On 19 November 1921 Raymond was part of the Pennsylvania Society delegation hosting French Marshal Ferdinand Foch at a celebratory luncheon at the Waldorf-Astoria in New York.

He is recorded as a first lieutenant in Company K, 3rd Battalion, 22nd Infantry Regiment in May 1922. The regiment had recently relocated from various bases in New York state to Fort McPherson, Georgia.

Based on the birth records of his daughters it is clear the Raymond family accompanied J. E. Raymond on a posting to the Canal Zone from 1923 to 1926.

From 1927 to 1930 Raymond was a senior instructor in telegraphy in the Army Signal School at Fort Monmouth in New Jersey. In 1930 he appears as a registered amateur radio enthusiast with call sign "W2BVQ", based at Fort Monmouth.

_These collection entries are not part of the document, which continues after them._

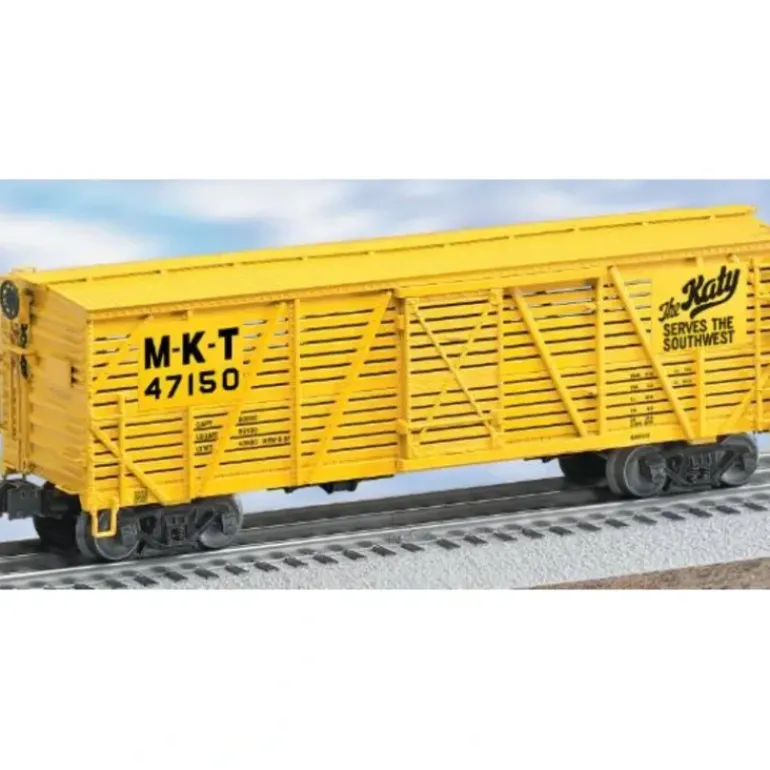 Here is a Lionel 6-17713 O Gauge Missouri-Kansas-Texas ACF 40-Ton Stock Car #47150. This stock car features four hand-painted cattle figures, opening doors, die-cast metal sprung trucks, die-cast metal operating knuckle couplers, metal wheels and axles. It measures 11 1/2 inches long.
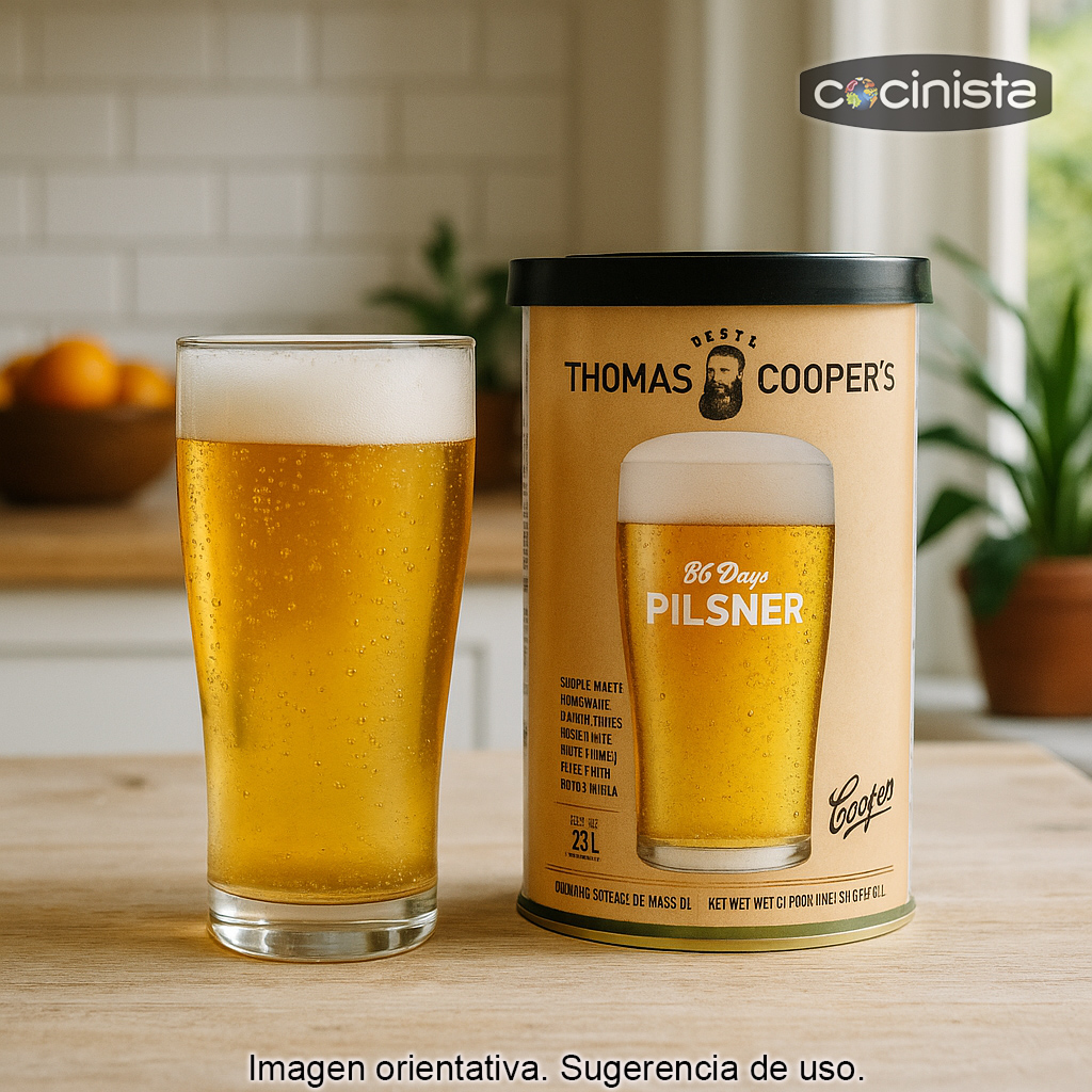 Se trata de un kit de extracto de malta líquido (LME) de 1,7 kg para elaborar aproximadamente 23 litros de cerveza tipo Pilsner en casa. Es una opción excelente tanto si te inicias en el mundo de la cerveza casera como si buscas un kit fiable para obtener una lager/pilsner de estilo limpio y equilibrado.
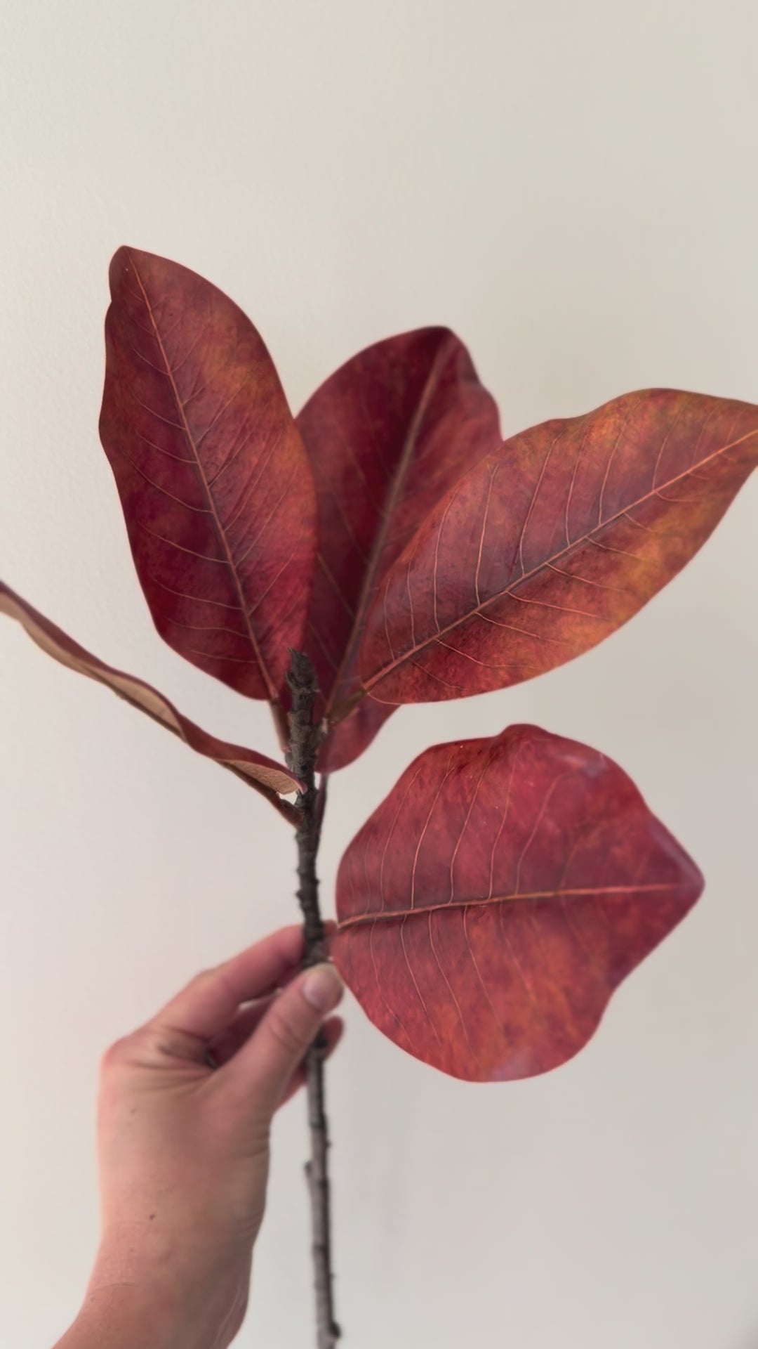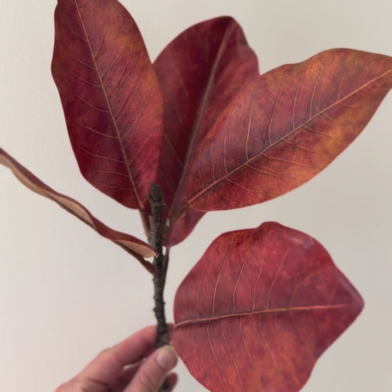This lifelike magnolia spray showcases a copper/ orangey red shade, offering a versatile decorative element throughout the year. Ideal for enhancing garlands and trees, it brings a sophisticated touch of color and texture, especially during the holiday season.
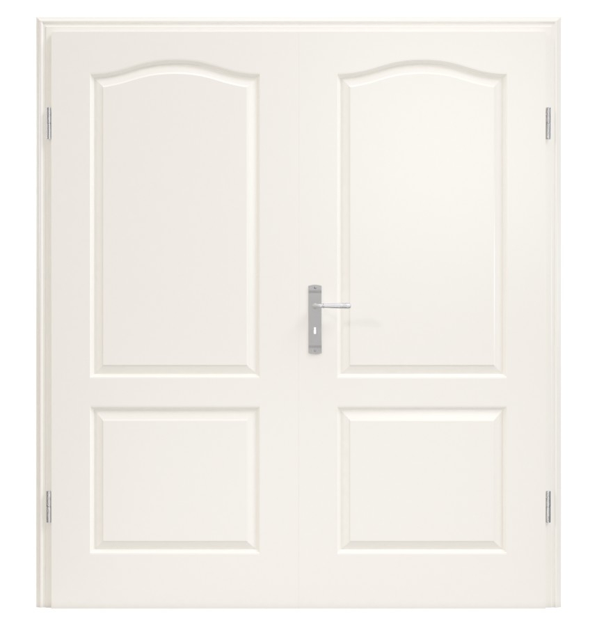 Wysokiej jakości lakierowane drzwi podwójne serii Stiba Plus od Jeld-Wen w kolorze białym (opcjonalnie odcień podobny do RAL 9010 lub podobny do RAL 9016) obiecują ponadczasową elegancję i nadają Państwa domowi naturalny urok w stylu wiejskim.
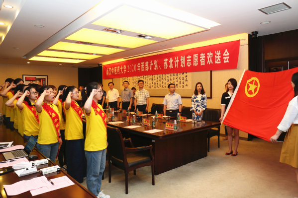 会议最后,西部计划、苏北计划全体志愿者庄严宣誓。大学生志愿服务西部计划、苏北计划是国家和江苏省推动西部、苏北地区加快发展、科学发展的一项人才工程。自2003年启动以来,我校累计选拔248名优秀学子参与到西部计划、苏北计划中。今年,我校共有80名学生报名西部计划、苏北计划,经过学校推荐、省级项目办面试考核等环节,依据择优录取原则,我校共计5名同学入选西部计划面上项目,5名同学入选西部计划研究生支教团专项,5名同学入选苏北计划。他们将青春与热情播撒在祖国最需要的地方,体现了当代青年朝气蓬勃、奋发有为的精神面貌,传承了南京中医药大学“自信 敬业”的校训精神,祝愿他们秉承南中医人艰苦创业的优良传统,用学识和汗水在投身实现中国梦的伟大实践中,抒写奉献、勇敢、进取、无悔的青春篇章!
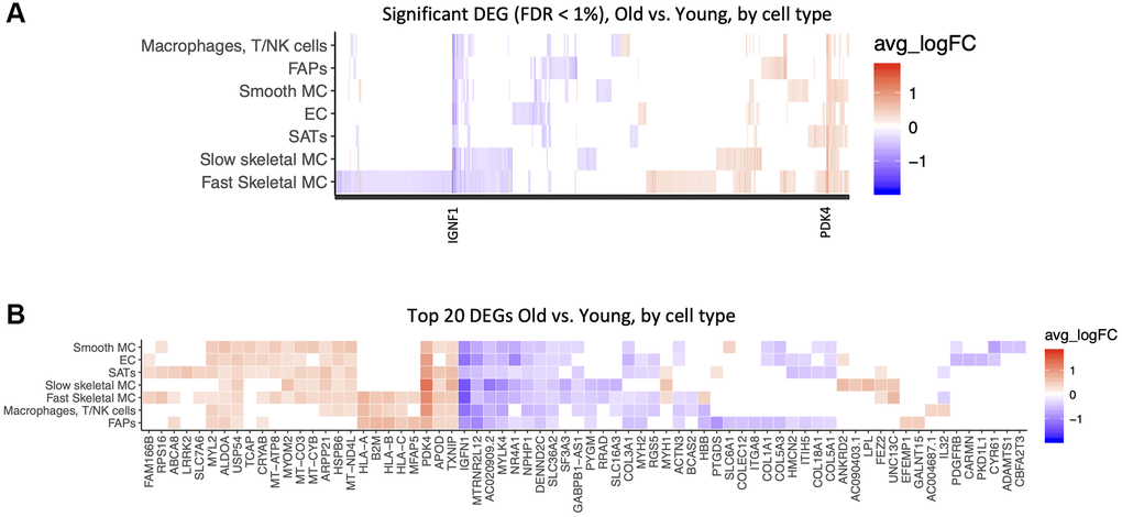 PDK4 is upregulated and IGFN1 is downregulated with age in all cell types
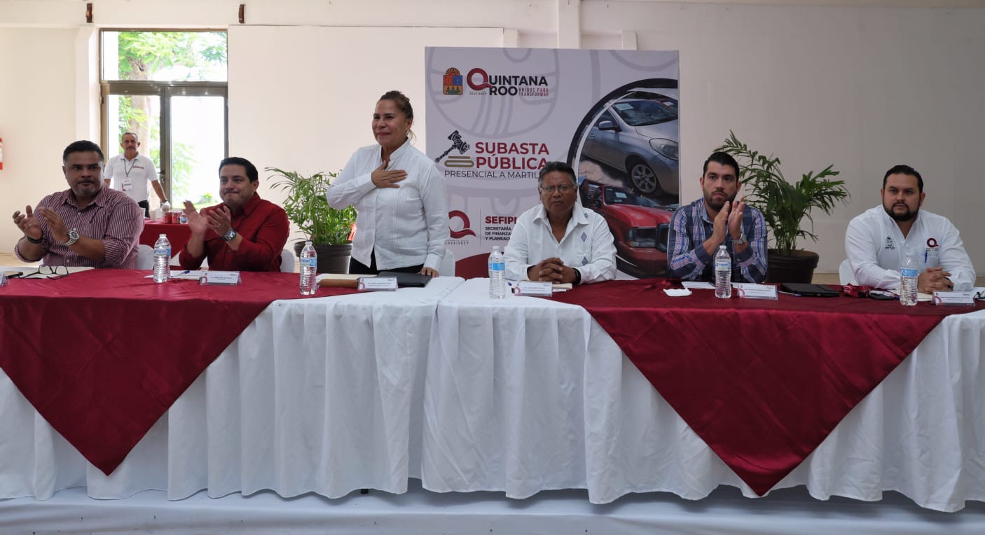 Martha Parroquín dio el martillazo inicial y destacó que con esta subasta de vehículos usados se cumple con el Nuevo Acuerdo por el Bienestar y Desarrollo de Quintana Roo, impulsado por la gobernadora Mara Lezama. Con estas acciones, el Gobierno del Estado reafirma su compromiso con un manejo honesto, transparente y eficiente de los bienes públicos, garantizando procesos abiertos a la ciudadanía y en estricto apego a la normatividad vigente.
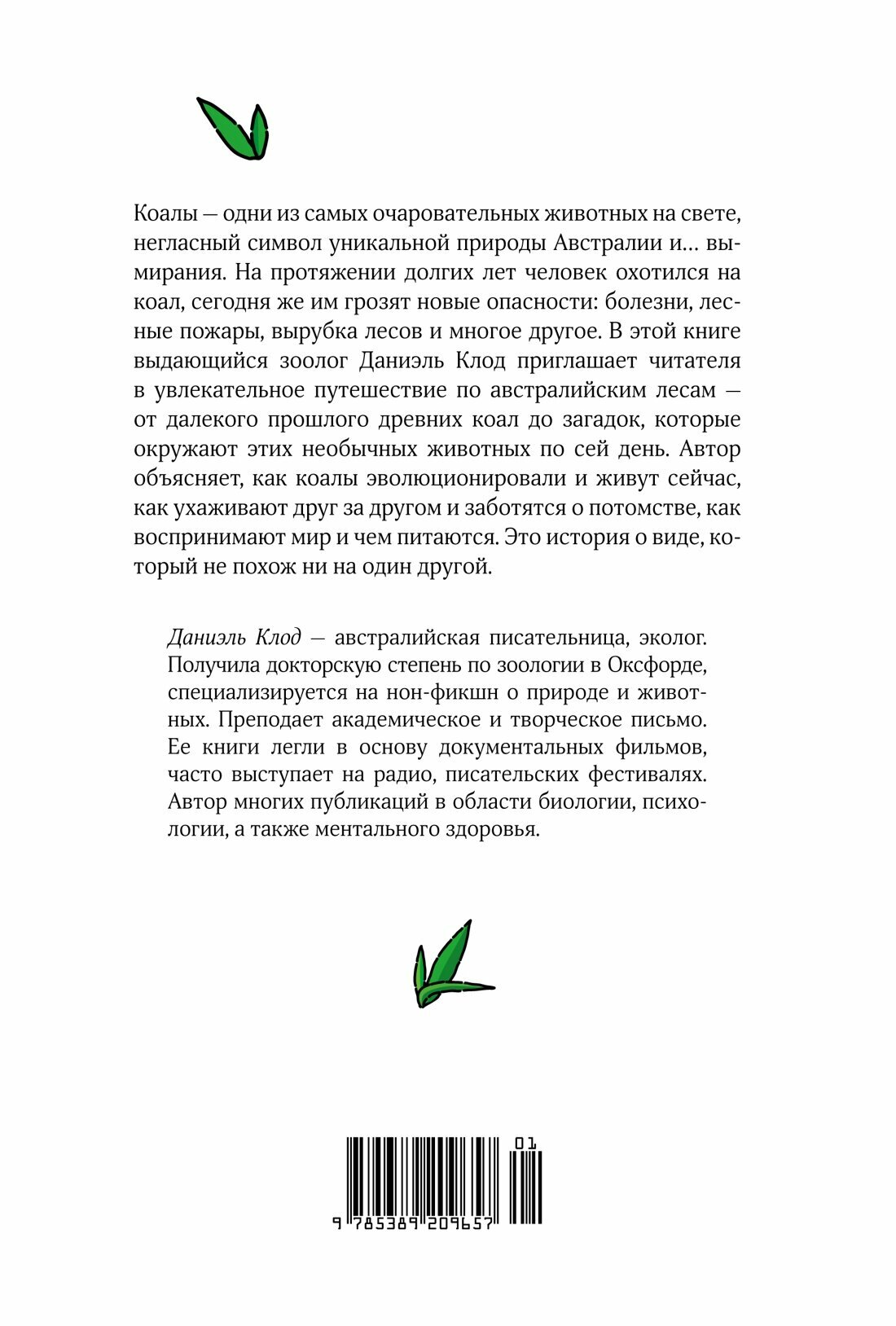 Коалы по праву считаются одними из самых популярных животных в мире. Большие глаза, круглые мордочки, особенности поведения — они больше похожи на плюшевых мишек, чем на настоящих обитателей диких лесов. Они знакомы нам по милым открыткам и роликам в интернете, набирающим много миллионов просмотров, но что мы в действительности знаем об этих загадочных существах? На протяжении всей жизни коалы питаются только ядовитыми эвкалиптовыми листьями: любое другое животное от такого рациона бы просто умерло. Коал трудно лечить, ведь их уникальный организм способен выводить токсины. Спускаясь с деревьев, коалы сами идут на контакт с человеком, просят о помощи и даже просто проявляют любопытство. Глубокое исследование Даниэль Клод проливает свет на жизнь этих чудесных животных: это настоящий гимн коалам, вдохновляющий читателя бережно относиться к нашему общему дому — окружающему миру. «Чем больше я пытаюсь узнать о коалах, тем больше понимаю, как многого мы еще не знаем о них. Мне не терпится разгадать тайны, которыми они окутаны, разоблачить мифы, исправить неточности» (Даниэль Клод).
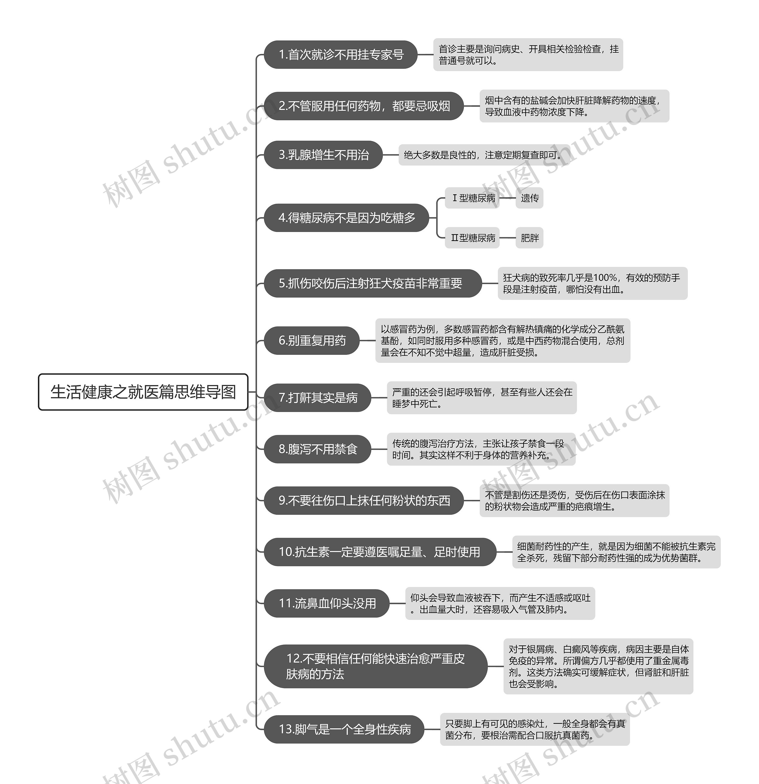 树图思维导图提供《生活健康之就医篇思维导图》在线思维导图免费制作,点击“编辑”按钮,可对《生活健康之就医篇思维导图》进行在线思维导图编辑,本思维导图属于思维导图模板主题,文件编号是:f88cd36e2baadd3f3ed12d7c5d8fd3f3

On 29 November 1940 and 31 May 1941 he was recorded as being a major and staff officer at the US Army General Headquarters located at the Army War College in Washington DC, commanded by Major General Lesley J. McNair. The original Army War College site is now Fort Lesley J. McNair, the College having moved to Carlisle, Pennsylvania.

On 25 September 1941 Raymond accompanied General George C Marshall on a visit to Fort Polk, Louisiana.

On 19 November 1942 Raymond is recorded as Chief of Staff for 10th Armored Division, based at Fort Benning, Georgia. On 22 September 1944 he is still with the Division and commanding officer of the "Reserve Command" as the 10th Armored Division entered the European Theatre of Operations.

On 2 March 1945 Raymond was photographed outside the Hotel Porta Nigra as the US flag is raised in the southwestern German city of Trier, which had fallen that day to armoured units of the US Third Army.

Between March and July 1945, Raymond was posted out of Europe to be Deputy Commander of the Special Allied Airborne Reconnaissance Force (SAARF) a special forces unit based in Wentworth, England, tasked with deep operations targeted at POW camps in Germany.

Between July and November 1945, Raymond was Director of the Troops Division at the Shrivenham American University (SAU), Wiltshire, England.

On 26 July 1948, Raymond was Commandant of the European Command Intelligence School at Oberammergau. He was also Deputy Chief of the Counter Intelligence Corps at Fort Holabird.

From 15 December 1951 to 29 July 1953 Raymond was commander of Camp A P Hill, Virginia. On 1 July 1954 Raymond returned to Camp A P Hill as deputy commander, assuming command on 1 September 1954 and finally relinquishing command of the camp on 30 September 1954 and retiring from the US Army after 34 years service.

In 1958, Raymond resigned as mayor of Bowling Green, Virginia to become the Philco Technical Representative at the Doctrine Division US Army Signal School and he and his wife settled on Pine Street in Lincroft, New Jersey. An avid US Civil War historian and an authority on the Lincoln assassination, on 19 September 1961 J E Raymond gave a talk on Abraham Lincoln to a Methodist church congregation in Neptune, New Jersey.

J. E. Raymond died at Lincroft, New Jersey on 30 November 1975. His wife Mildred pre-deceased him, dying in 1972 (also at Lincroft).